FARGO – City Hall may have taken a little more taxpayer money than originally expected, but it is now fully operational and ready for business.
Although the 215 office workers began moving in following a ribbon-cutting ceremony in September, the City of Fargo officially opened to the public on Tuesday. Initially projected to cost $22 million, the 150,000 square foot city center ended up costing close to $30 million.
Newly completed City Hall’s location was chosen to defy the Red River, Mayor Tim Mahoney said.
“We built this by the river because we wanted to showcase that we can build by the river… we’re going to harness the river,” Mahoney said.
Behind him, 13 chairs around the semi-circular commissioners’ table foreshadowed possibilities of increasing the numbers of commissioners, or perhaps even a future upgrade to a city council, Mahoney said.
The building is modern, simple, built with steel, concrete, synthetic limestone, and is representative of the city. So far, four Native flags are impossible to miss upon entering the front doors, and a painted buffalo is displayed on the left.
Artists Kim Jore, a hair stylist, built the buffalo partly out of human hair to represent diversity featuring two Native chiefs: Rain In The Face and Henry Bright Wings, who are looking over the Badlands and additional portraits of different races.
Artwork from thirty different local artists is displayed prominently inside. The halls are streamlined, comfortably lit, welcoming, and easy to navigate the various departments.
Instead of Gothic spires or stone-like castle walls, architect Terry Stroh said the modern style is what the city wanted.
“We’re in an age of modern architecture,” Stroh said. “And you see the architecture is less expensive than real limestone.”

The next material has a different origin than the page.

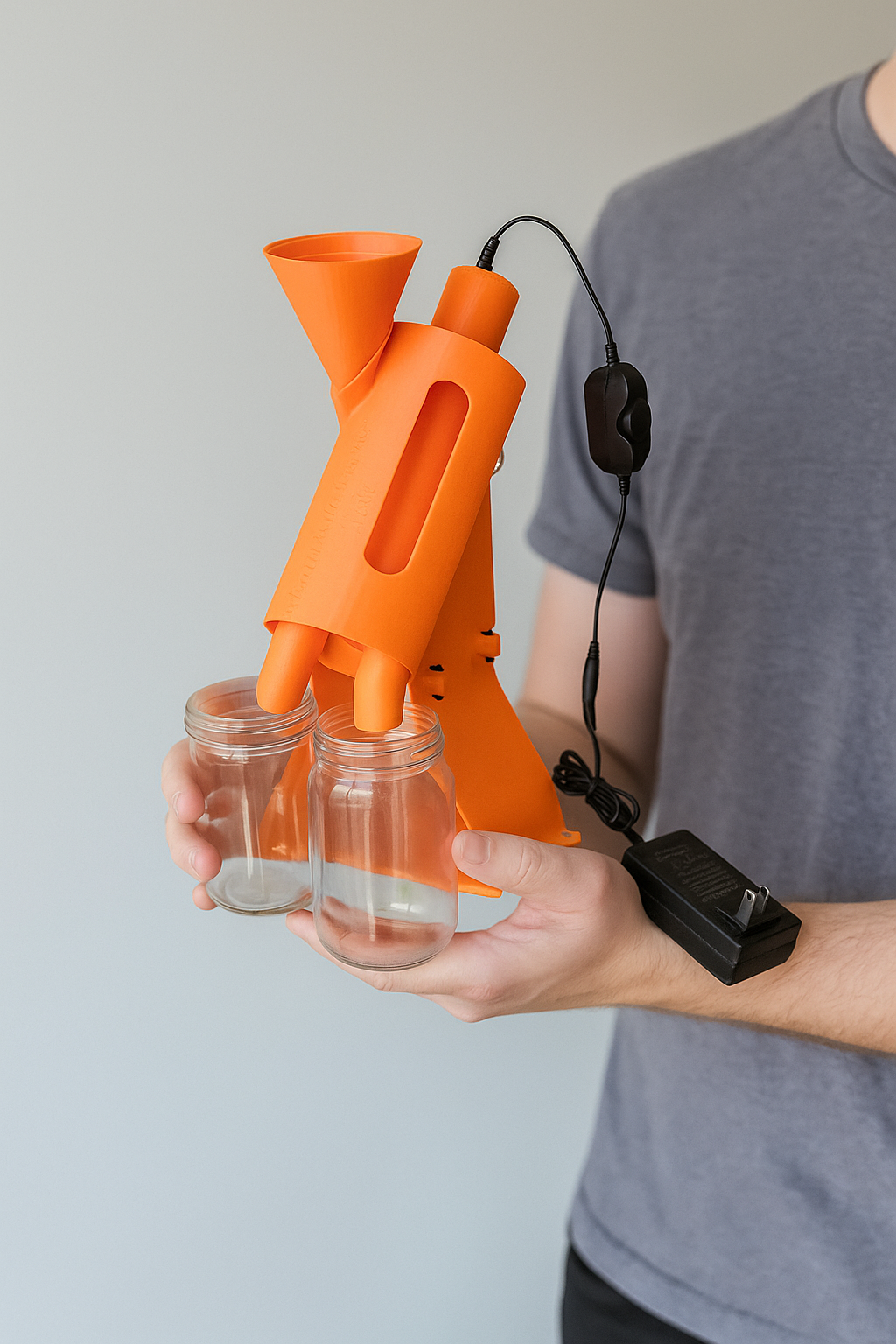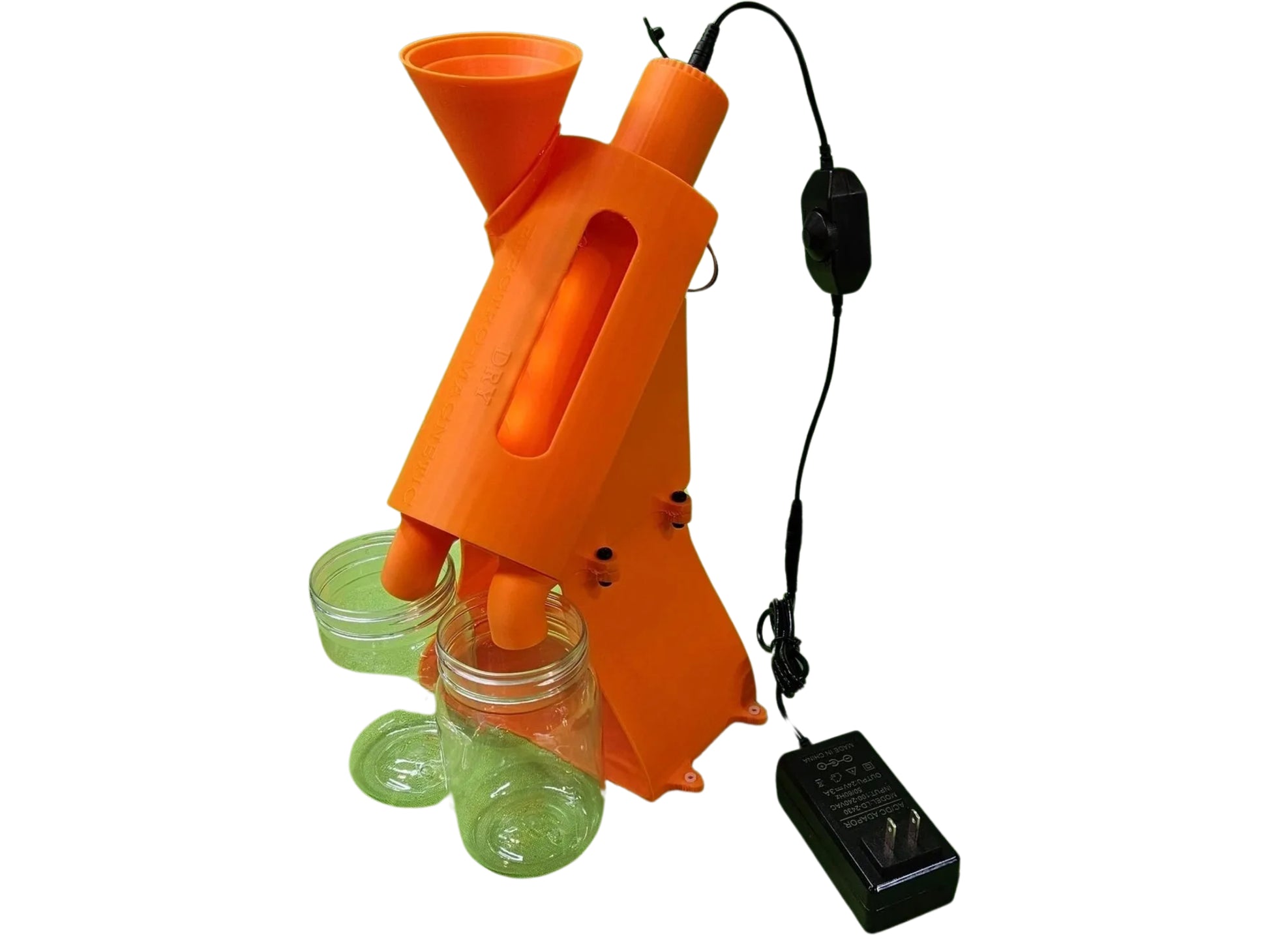 Unlike the Magnetite Mover, the Magnetite collector is intended for continuous throughput. Dry Classified (sub-12 mesh) working material is fed into the top hopper, where funnels control a consistent flow of material into a pulsing magnetic field. In this field, the magnetite is collected and deposited into a jar, while the non-magnetite material is deposited into a separate jar.

All attempts were made to acquire materials for construction locally, for instance, bricks used throughout the project were baked in North Dakota, Stroh said.
Mahoney first thanked the taxpayers and those involved for funding the project.
“This building is truly a representation of our community,” Mahoney said. Simple, and not excessive, he said.
“We also made it difficult to see the commissioners and the mayor because we’re all on the third floor, Mahoney said, joking.
What will happen to the old temporary City Hall at 200 Third Street North? The Red River Valley SWAT Team will be conducting training exercises at the old City Hall on Wednesday between noon and 8 p.m., Fargo police announced.